Ma subito dopo, senza forse rendersene conto, si contraddice, aggiungendo: But the very use of the pronoun in my thoughts leads me continually to forget that the Karhider I am with is not a man, but a manwoman. (p. 85)

La contraddizione rivela gli impliciti nascosti nella sua giustificazione: se i pronomi che usa influenzano la sua percezione maschile dei getheniani, si insinua il dubbio che l’uso del maschile sia molto meno neutro e molto più specifico di quanto Oppong (e la stessa Le Guin, come vedremo ora) vorrebbe sostenere. In questo il testo dice molto di più di ciò che la sua autrice voleva fargli dire: nella prima versione (1976) di Is Gender Necessary?, Le Guin risponde alle critiche con le stesse motivazioni della sua personaggia, sostenendo la sua scelta come obbligata e in qualche modo irrilevante.

“He” is the generic pronoun, damn it, in English. (I envy the Japanese, who, I am told, have a he/she pronoun.) But I do not consider this really very important. The pronouns wouldn’t matter at all if I had been cleverer at

showing the “female” component of the Gethenian character in action. (Le

Guin, 1993, pp. 169-170)

Nella versione Redux (1987) dello stesso saggio, l’autrice farà ancora eco alla sua Investigatrice, commentando in nota alla citazione precedente: «If I had realized how the pronouns I used shaped, directed, controlled my own thinking, I might have been ‘cleverer’» (Le Guin, The Language of the Night: essays on Fantasy and Science Fiction, 1993, p. 170). Nell’introduzione all’edizione del 1989 della raccolta di saggi in cui si trovano le due versioni di Is Gender Necessary?, Le Guin non esita più nel posizionarsi in contrapposizione alla pervasività di un discorso patriarcale che fa coincidere maschile e neutro:

90

The principal revision involves the so-called “generic pronoun” he. It has been changed, following context, euphony or whim, to they, she, one, I, you or

we. This is, of course, a political change (just as the substitution of he for they

as the “correct” written form of the singular generic pronoun – see the OED – was a political act). Having resistingly, reluctantly, but finally admitted that

he means he, no more, no less, I can’t let it stand in these essays, because it

misleads. When I wrote in the early seventies about “the artist who works from the center of his own being”, I did not intend to refer to male artists only, still less to imply that artists are, or should be, male; but that is what the words say and imply. The existence of women artists is not (in the grammarians’ cute phrase) “embraced” by the male pronoun; it is (in the non-cute Argentinean usage) “disappeared” by it. I was in fact disappearing myself in my own writing – just like a woman. Well, no more of that. (Le Guin, The Language of the Night: essays on Fantasy and Science Fiction, 1993, p. 2)

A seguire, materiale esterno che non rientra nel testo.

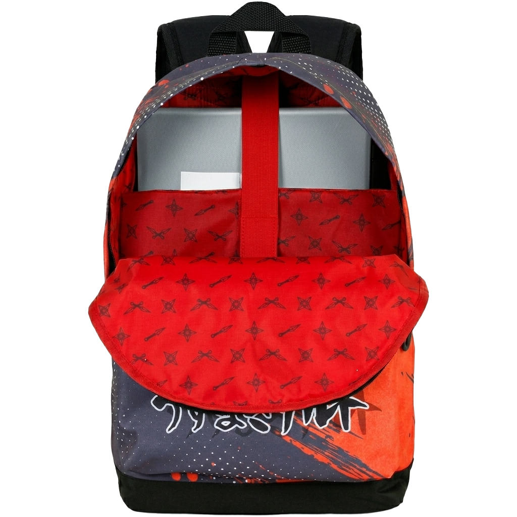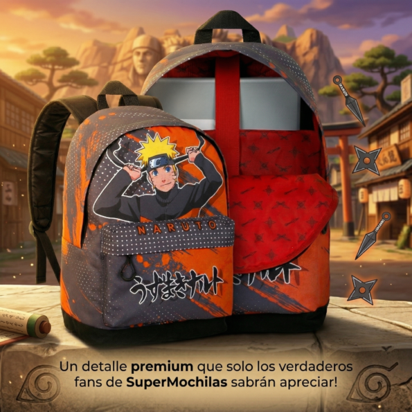 El exterior destaca por la vibrante ilustración de Naruto ajustándose su icónica banda, rodeado de detalles urbanos y tipografía japonesa. Pero la verdadera sorpresa está en su interior: al abrirla, descubrirás un forro rojo exclusivo estampado con kunais y shurikens. ¡Un detalle premium que solo los verdaderos fans de SuperMochilas sabrán apreciar!

Quella dei pronomi è solo una delle prove di quanto le implicazioni della categorizzazione di genere siano tanto importanti quanto occultate. Anche le altre scelte narrative effettuate da Le Guin, che le sono state ricriminate al pari della scelta del maschile neutro come punti deboli del romanzo, possono rivelarsi invece preziose se analizzate come elementi rivelatori del repertorio con cui il mondo narrativo inevitabilmente dialoga. Come le convinzioni di Genly vengono messe alla prova nell’incontro con l’alieno, anche il lettore fa esperienza dell’inadeguatezza delle sue conoscenze pregresse, che possono così essere ristrutturate, aprendo a un’attenzione più profonda sulle categorie sessuali.